YOU READ IT HERE FIRST: Whether a Ridgewood physician found with explosive chemicals and firearms in his basement apartment nearly two years ago is mentally fit to stand trial remained an open question today after a state psychiatrist failed to show up for a final competency hearing in Hackensack.

Photo Credit: Mary K. Miraglia, CLIFFVIEW PILOT Courthouse Reporter

Both the judge and attorneys for both sides waited 4½ hours before Richard Rivera was returned to the Bergen County Jail from a holding cell in the courthouse.

The hearing will be rescheduled once the judge can get a commitment from the psychiatrist for a new date.

Rivera’s legal representation also has to be decided.

He has insisted on defending himself, but Presiding Superior Court Judge Liliana DeAvila-Silebi said she still hasn’t determined whether she will allow Rivera to go solo or require him to work in tandem with Public Defender Ian Silvera.

The prosecution of the 62-year-old Rivera following a November 2012 raid was temporarily delayed while the psychiatrist at the Anne Klein Forensic Center in West Trenton evaluated him for mental illness.

He returned to court in August for the first time in several months, when Assistant Bergen County Prosecutor Martin Delaney asked Superior Court Judge Edward Jerejian to have the psychiatrist testify.

“Whatever political beliefs he may have had, and whatever motives he may have had, have nothing to do with mental illness,” Delaney said at the time, reading from the forensic psychiatrist’s report.

“I have no reason to dispute this,” he said, “but neither have I seen all the documents she relied on in making her opinion.

“I want her to come in with all the documents, in person, for a competency hearing, for final determination — that he is indeed competent to proceed and was sane at the time of the alleged offense,” he told the judge.

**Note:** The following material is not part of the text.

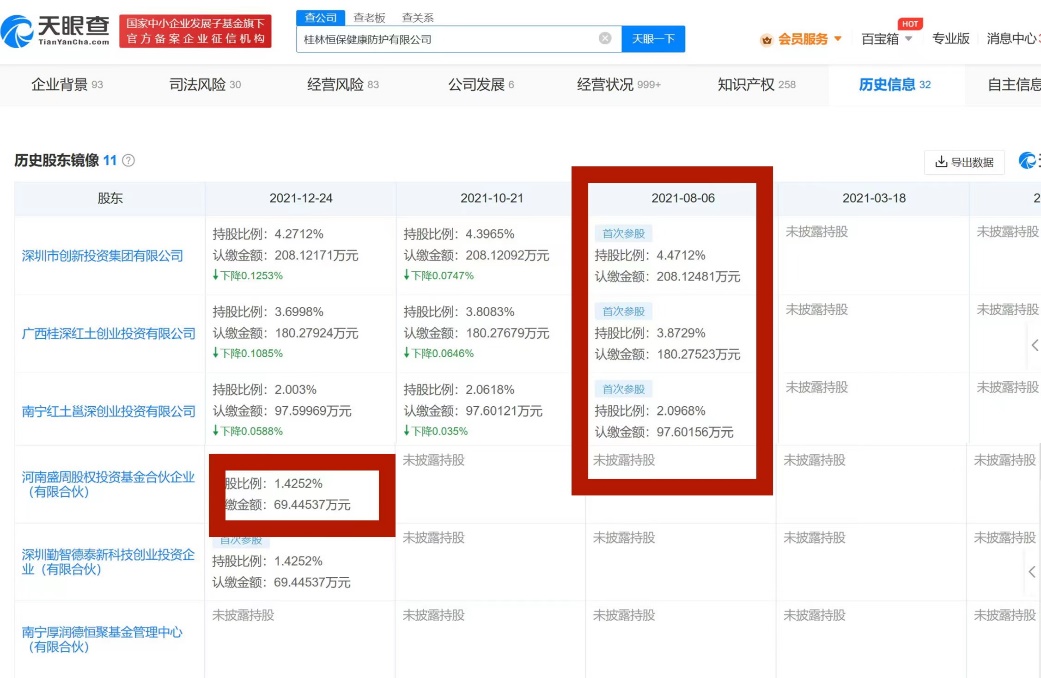 根據(jù)天眼查APP顯示,深圳市創(chuàng)新投資集團(tuán)有限公司、廣西桂深紅土創(chuàng)業(yè)投資有限公司、南寧紅土邕深創(chuàng)業(yè)投資有限公司首次參股時(shí)間為2021年8月6日,河南盛周股權(quán)投資基金合伙企業(yè)(有限合伙)首次參股時(shí)間為2021年12月24號。本次交易后上述公司將不再持有恒保健康股權(quán)。

Rivera — who previously spent time in a mental institution, according to an indictment — remained held on $1 million bail in the Bergen County Jail.

As CLIFFVIEW PILOT first reported exclusively, authorities feared domestic terrorism after Rivera confided to someone that he was concerned what effect a power outage from Hurricane Sandy would have on explosive chemicals he’d allegedly been refrigerating.

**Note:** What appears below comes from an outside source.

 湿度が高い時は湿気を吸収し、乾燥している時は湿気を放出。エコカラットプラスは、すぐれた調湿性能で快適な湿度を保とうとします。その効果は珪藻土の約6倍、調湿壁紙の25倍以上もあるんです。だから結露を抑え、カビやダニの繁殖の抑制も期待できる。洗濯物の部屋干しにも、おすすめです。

Those concerns drew various members of the FBI, the Bergen County Prosecutor’s Office, the Bergen County Police Bomb Squad and Hazardous Materials Team, Ridgewood police and the Bergen County Sheriff’s Bureau of Criminal Identification to the Union Street two-family home, where Rivera lived in a converted basement.

They reported finding:

  • a basement freezer containing 2.5 liters of nitric acid, which can be used to create explosive devices;
  • attic containers that included hydrogen peroxide, glycerin, sulfuric acid, calcium hypochlorite, and potassium perchlorate, which can also be used to create bombs;
  • 10 pounds of thermite, and 10 thermite lighters, which can be used to detonate bombs;
  • several weapons, including two Cobray M11 assault pistols and a .40-caliber handgun, which weren’t registered and he wasn’t allowed to have;
  • a Hellfire trigger mechanism that can allow a firearm to fire at an extremely high rate;
  • several high-capacity magazines; a stun gun;
  • assorted boxes of ammunition.

State authorities said the search also turned up folders marked “Revolution” and “Anarchism,” which they said included instructions for creating homemade explosives, a military improvised munitions manual and documents on how to convert firearms into fully-automatic machine guns.

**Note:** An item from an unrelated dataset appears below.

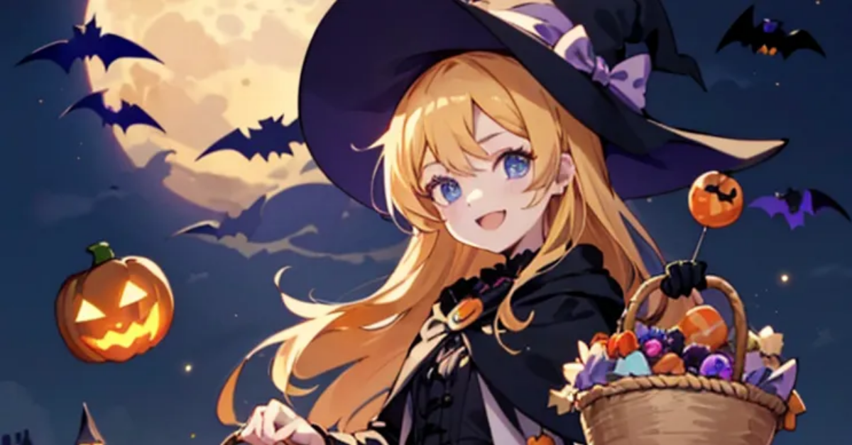 ハロウィンパレードの待ち合わせをする魔女っ娘

Although he didn’t maintain a medical office here, Rivera was licensed to practice in New York and New Jersey, they said.

He also occasionally lived and worked out of his 2007 Nissan Xterra, from which he provided medical examinations on Long Island, Ridgewood police said at the time. The car contained bottles of medication, medical equipment, and prescription pads bearing Rivera’s name and New York license number, they said.

Also seized were various other chemicals, weapons and other items — including Mace, a wig, and fake sideburns.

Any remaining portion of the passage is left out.